Almost everyone has run across it and perhaps some of you have fallen for it – rogue anti-virus programs. Also known as scareware, these programs are infesting the net, and a new report reveals they are downloaded on to over 30 million compiters a month (over 3.5% of all computers) and net the scammers behind them a staggering $34 million a month. The report also predicted there will be close to 650,000 new scareware samples by the end of Q3 2009.
They work very simply, either a site redirect or a pop up informs the victim that they might be infected with malware, and then begins a fake “scan” of their computer, revealing a plethora of fake infections. The site then tells the now startled and probably worried victim that their software can take care of it for them for just $30. So the victim downloads a fake program, pays and watches as it “removes” the fake infections it found. The scammer just made $30 and the victim is relieved that the infections (which they never really had) are gone. It’s sort of a high tech version of a snake oil salesman.

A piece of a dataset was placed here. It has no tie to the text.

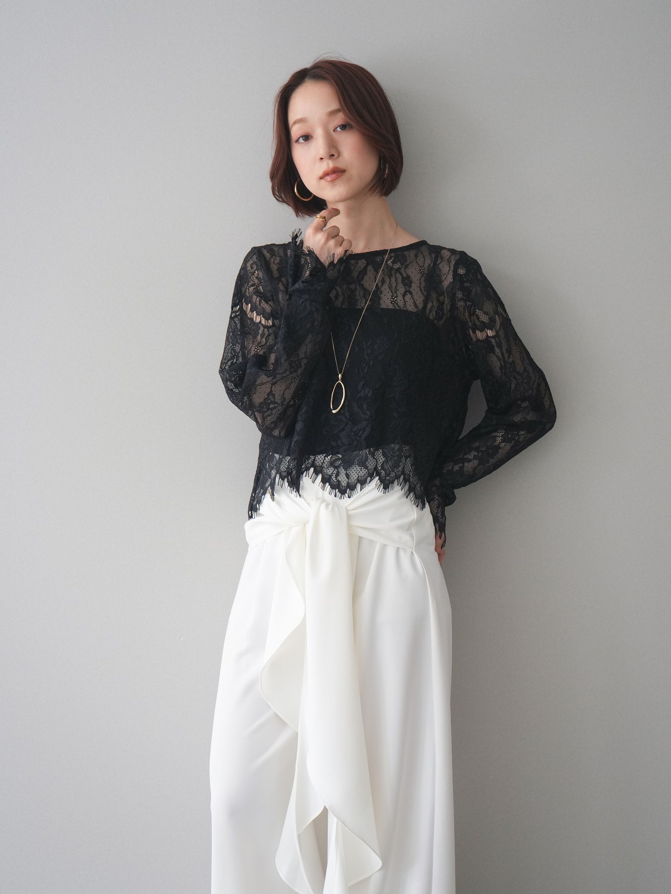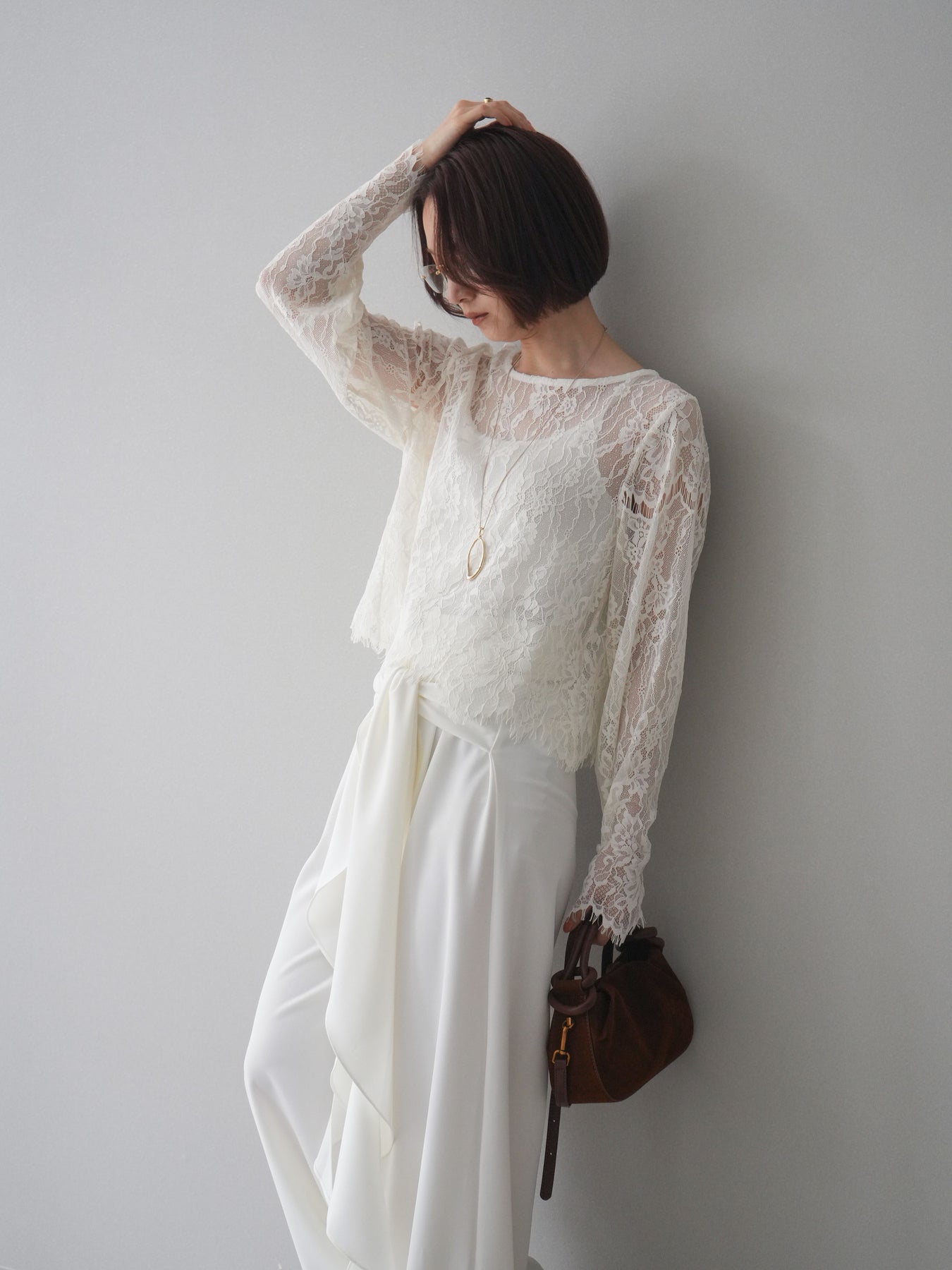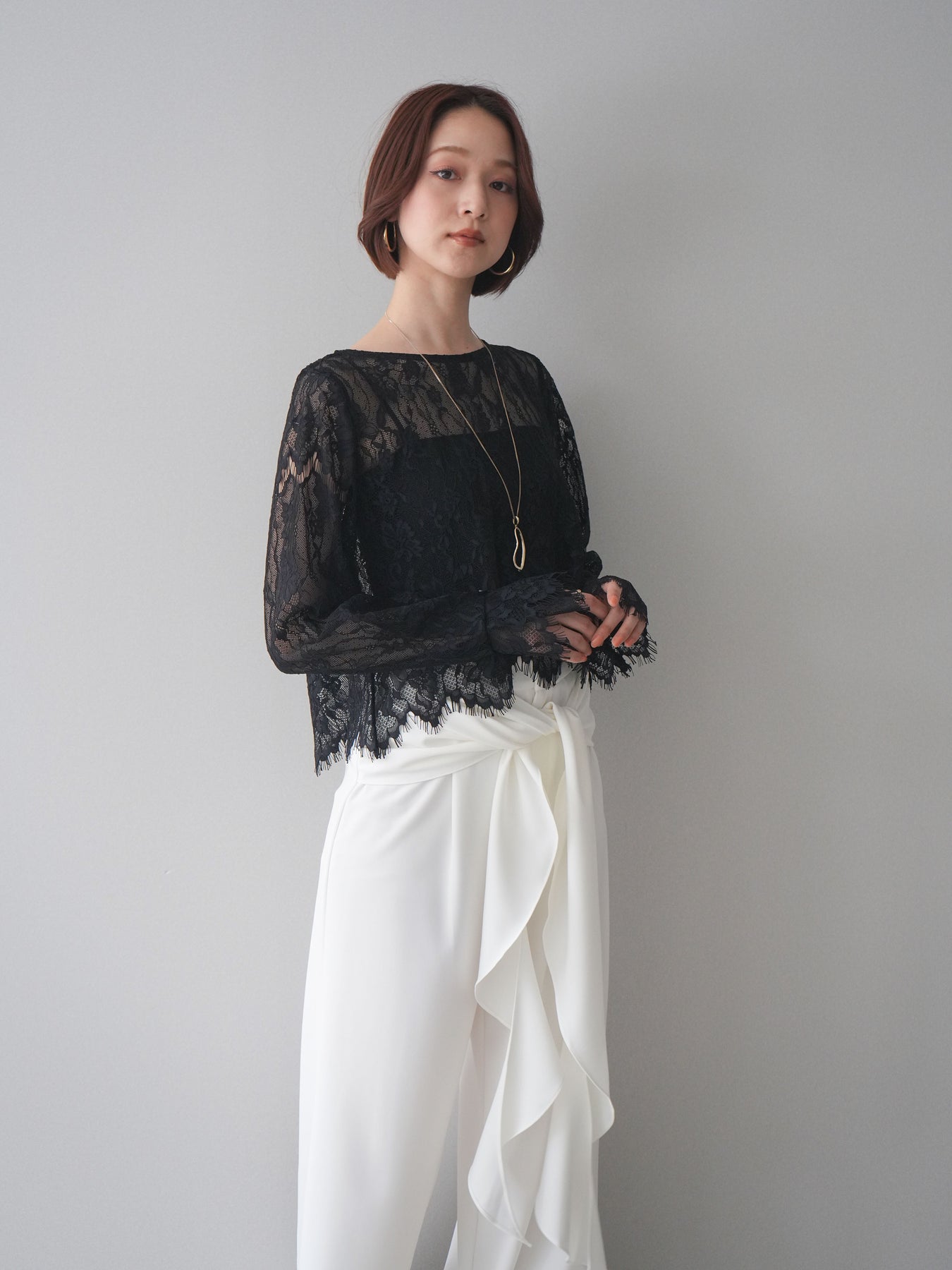 繊細な総レース素材が目を惹くロングスリーブトップス。透け感のある軽やかな風合いで、スタイリングに抜け感をプラスしてくれます。すっきりとしたシルエットでインナー使いにも重宝し、キャミソールやタンクトップを重ねてヘルシーに着こなすのもおすすめ。デニムやスラックス、ジャンパースカートのインナーなど、幅広いコーディネートに取り入れやすい一枚です。 ※ボトムス、キャミソール(インナー)以外の商品は一律でインナーは付属していません

Luis Corrons, PandaLabs Technical Director, stated “Rogueware is so popular among cybercriminals primarily because they do not need to steal users’ personal information like passwords or account numbers in order to profit from their victims. By taking advantage of the fear in malware attacks, they prey upon willing buyers of their fake anti-virus software, and are finding more and more ways to get to their victims, especially as popular social networking sites and tools like Facebook and Twitter have become mainstream.”
This kind of malware can be stumbled upon in variety of ways. Often scammers use Black Hat SEO techniques to poison search results for popular topics with their malicious links. Some go so far as to create fake search engines where every result leads to their malicious site. Rogue anti-virus software is also delivered via pop ups, banner ads and injection attacks that hijack legit sites and redirect them to the rogue anti-virus site. For example, more than once while on Facebook I’ve been suddenly redirected to a rogue anti-virus site. Several of my friends report the same happening to them. Most likely it’s caused by a poisoned ad in one of the networks used by FB. Just a few weeks ago anyone who used the FarmVille app found themselves dumped on a rogue anti-virus site thanks to one of those ads.
“As we have demonstrated throughout this report, the rogueware situation is very serious and growing as cybercriminals continue to create new methods for developing and distributing malware. It is a very lucrative business for the cybercriminals, so the name of the game is to infect as many people as possible, As a result, social networks have proven to be an effective channel to infect users. Based on PandaLabs’ extensive research, the situation is most likely to escalate even further.” said the report.
How do you know if your’re on a rogue anti-virus site? Well despite how slick and professional these sites look, it’s easy. If you were taken to the site via a forced redirect, chances are it’s malicious. If you ever find yourself on a rouge AV site, open Task Manager and close down the browser from there. Don’t click anywhere on the page!
Many are rigged to start downloading even if you try to close or go back. If the download happens and you don’t pay you will be bombarded with nag screens and pop ups telling you you are infected. To protect yourself, don’t click on pop ups telling you your computer is infected or on any banner ads for anti-virus software you’ve never heard of, no matter how professional and legit it looks. If you’re looking for a good anti-virus solution stick to AVG, Avast, or if you must, Norton or McAfee (not recommended though because of their tendency to hog system resources and cause conflicts with other programs). Whichever program you chose, keep it updated and scan your system regularly!
its great, finally found it here, good job!!